##### COLLECTED MATERIAL
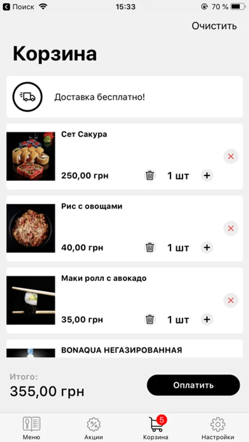 Використовуючи мобільний додаток NinjaBar, Ви з легкістю можете замовити сети,wok, роли, гункани, нігірі та багато іншого на будь-який смак. Доступні в додатку докладні описи і якісні фотографії страв допоможуть Вам обрати саме те, що Ви хочете.
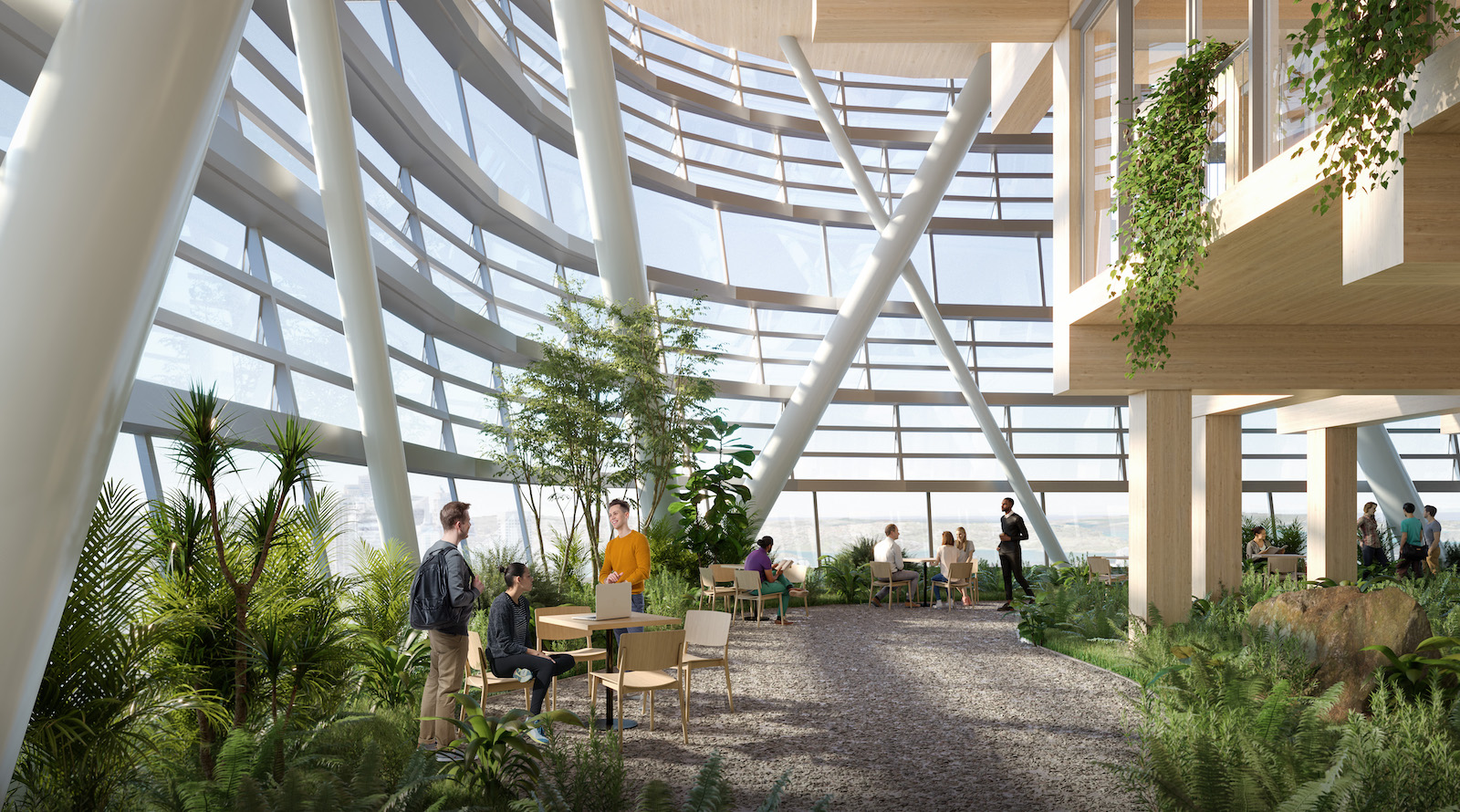 At the centre of the design is an innovative hybrid timber structural system. The office floors are organised into seven stacked four-storey modules, referred to as “habitats”. Each habitat creates a flexible workspace that focuses on daylight, natural ventilation and wellbeing. Moreover, the modules connect directly to landscaped terraces, which introduce outdoor space into the high-rise workplace.
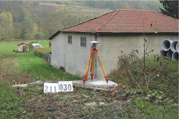 Centrino inox infisso nelle vicinanze dello spigolo sud est della platea in calcestruzzo al km 4+700 della S.P. 439, in località Case alle Ghiaie
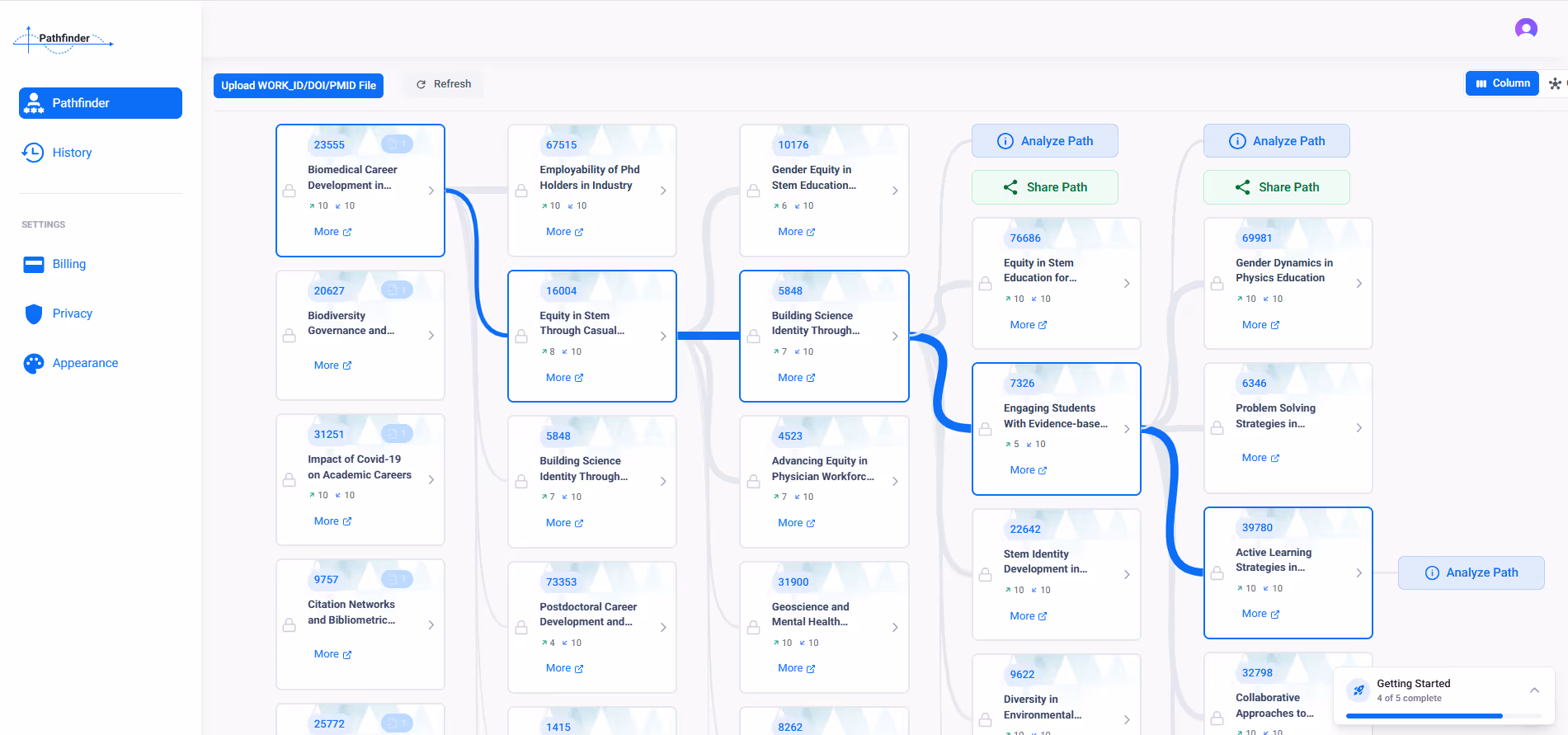 Pathfinder visualizes how your research connects across disciplines and generates polished, evidence-driven narratives. Ready for grant applications, funder reports, and stakeholder presentations.
##########
* _EXERCISE OBJECTIVE_:
With the pictures left out, return all the material above exactly.

* _SOLUTION TO THIS PROBLEM_:
 Використовуючи мобільний додаток NinjaBar, Ви з легкістю можете замовити сети,wok, роли, гункани, нігірі та багато іншого на будь-який смак. Доступні в додатку докладні описи і якісні фотографії страв допоможуть Вам обрати саме те, що Ви хочете.
 At the centre of the design is an innovative hybrid timber structural system. The office floors are organised into seven stacked four-storey modules, referred to as “habitats”. Each habitat creates a flexible workspace that focuses on daylight, natural ventilation and wellbeing. Moreover, the modules connect directly to landscaped terraces, which introduce outdoor space into the high-rise workplace.
 Centrino inox infisso nelle vicinanze dello spigolo sud est della platea in calcestruzzo al km 4+700 della S.P. 439, in località Case alle Ghiaie
 Pathfinder visualizes how your research connects across disciplines and generates polished, evidence-driven narratives. Ready for grant applications, funder reports, and stakeholder presentations.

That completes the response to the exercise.